Element-wise Operations
Apply the same operation to every element:
a = np.array([1.0, 2.0, 3.0])
b = np.array([4.0, 5.0, 6.0])
# NumPy: element-wise arithmetic
print(f"a + b = {a + b}")
print(f"a * b = {a * b}")
print(f"a ** 2 = {a ** 2}")
print(f"np.exp(a) = {np.exp(a)}")a + b = [5. 7. 9.]
a * b = [ 4. 10. 18.]
a ** 2 = [1. 4. 9.]
np.exp(a) = [ 2.71828183 7.3890561 20.08553692]
PyTorch works identically:
import torch
a_pt = torch.tensor([1.0, 2.0, 3.0])
b_pt = torch.tensor([4.0, 5.0, 6.0])
# PyTorch: same operations, same syntax
print(f"a + b = {a_pt + b_pt}")
print(f"a * b = {a_pt * b_pt}")
print(f"a ** 2 = {a_pt ** 2}")
print(f"torch.exp(a) = {torch.exp(a_pt)}")a + b = tensor([5., 7., 9.])

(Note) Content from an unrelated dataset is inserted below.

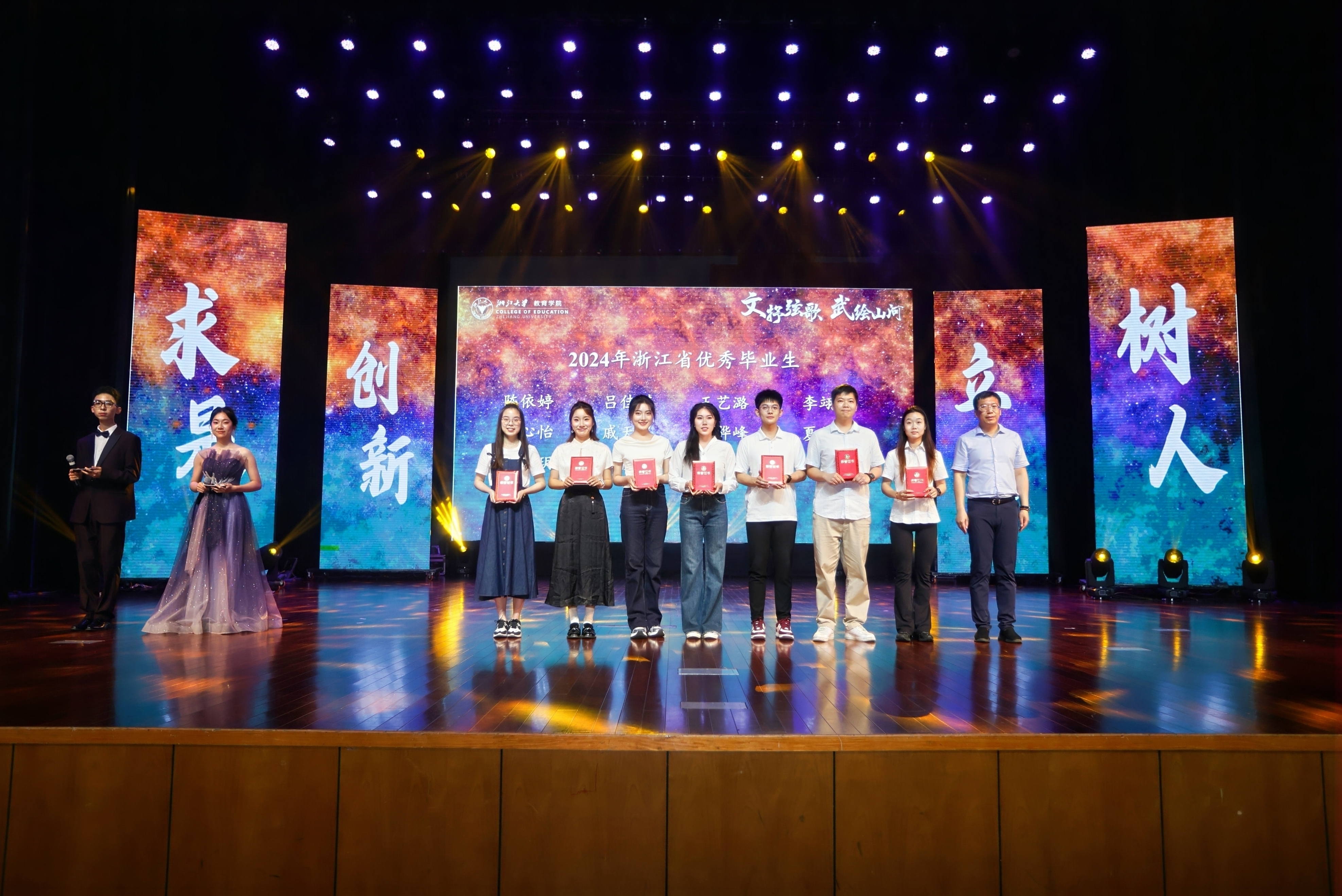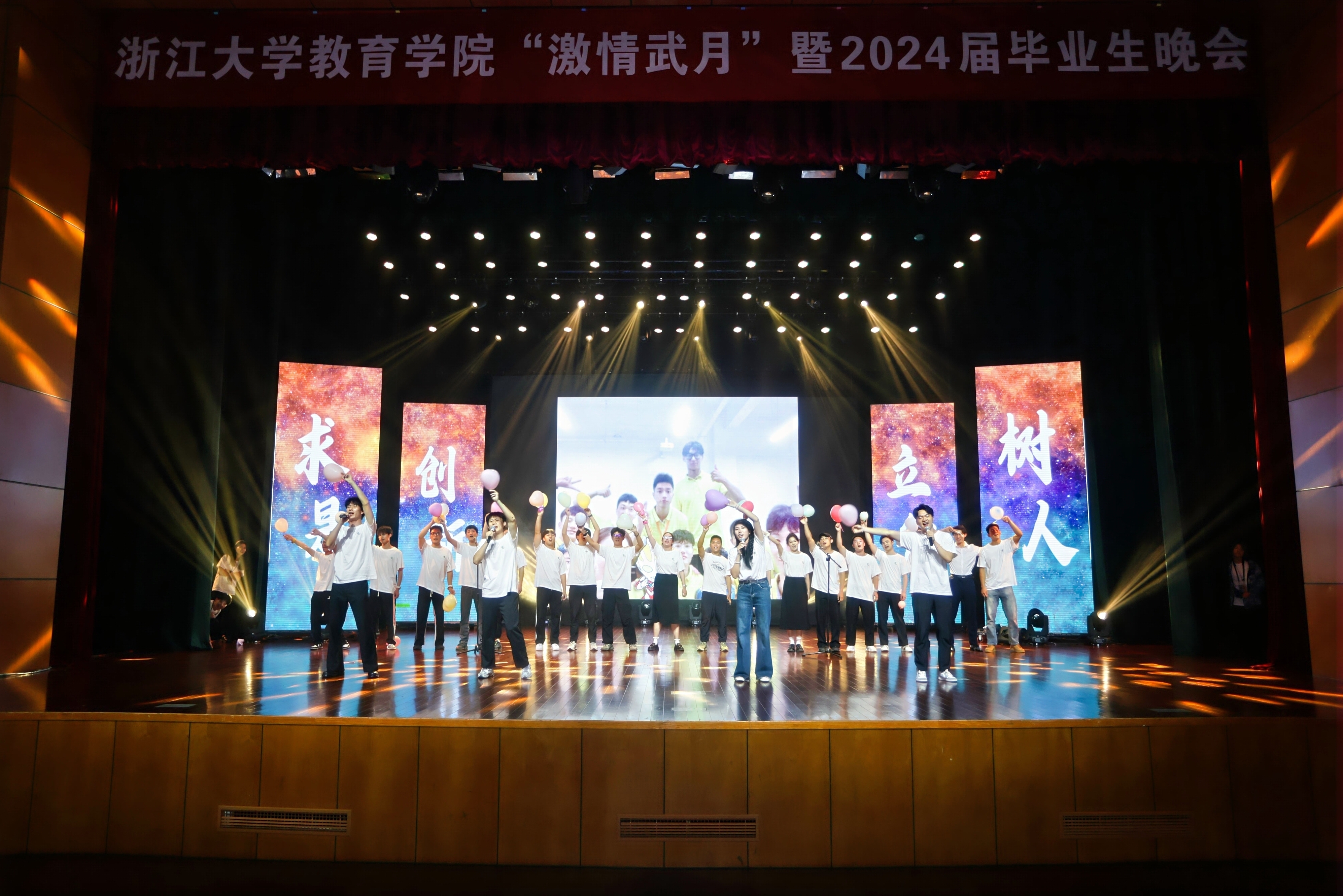 2024年6月14日晚,做爱影片 “激情武月”暨2024届毕业晚会在紫金港校区小剧场顺利举行。做爱影片 院长阚阅老师,做爱影片 党委书记叶晓萍老师,校友林家俊、陈建萍伉俪,校友韩秋女士,校友孙佳风学长以及做爱影片 教育硕士实践导师,做爱影片 附属实验做爱影片 、杭州市公益中做爱影片 长潘志平老师等出席晚会,出席晚会的还有做爱影片 副院长孙元涛老师,做爱影片 副院长兼体育学系系主任胡亮老师,做爱影片 党委副书记、纪委书记崔倩老师以及2024届毕业生和其他师生代表。
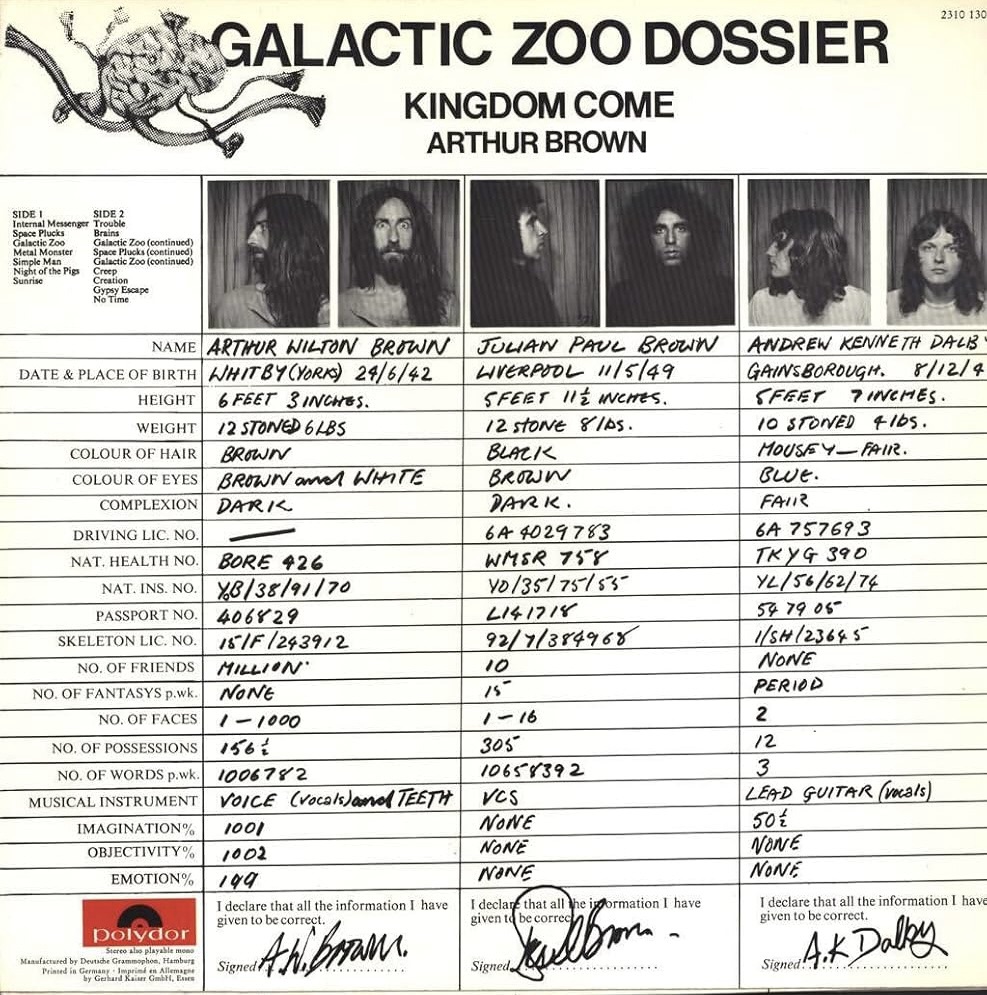 Apparently support band Swastika, with their name illustrating a pyrrhic triumph of idealism over common sense & decency, failed to turn up, so Mr Brown and his colleagues played an extra-long progressive set which included the singer setting light, as tradition now demanded, to his own precariously helmeted head during Fire. As you can see from the track list of 1971’s Galactic Zoo Dossier LP above, the fantastical was absolutely central to band’s work.

a * b = tensor([ 4., 10., 18.])
a ** 2 = tensor([1., 4., 9.])
torch.exp(a) = tensor([ 2.7183, 7.3891, 20.0855])
Matrix Multiplication
The workhorse of neural networks. For matrices A (m x n) and B (n x p), the result C = A @ B is (m x p):
# NumPy matrix multiplication
A = np.array([[1, 2],
[3, 4]]) # (2, 2)
B = np.array([[5, 6],
[7, 8]]) # (2, 2)
# Three equivalent ways
result1 = np.matmul(A, B)
result2 = A @ B
result3 = np.dot(A, B) # same for 2D arrays
print(f"A @ B =\n{result1}")
print(f"Result shape: {result1.shape}")A @ B =
[[19 22]
[43 50]]
Result shape: (2, 2)
The @ operator also works for batched operations:
# Batched matrix multiplication in NumPy
batch_A = np.random.randn(4, 3, 2) # 4 matrices of shape (3, 2)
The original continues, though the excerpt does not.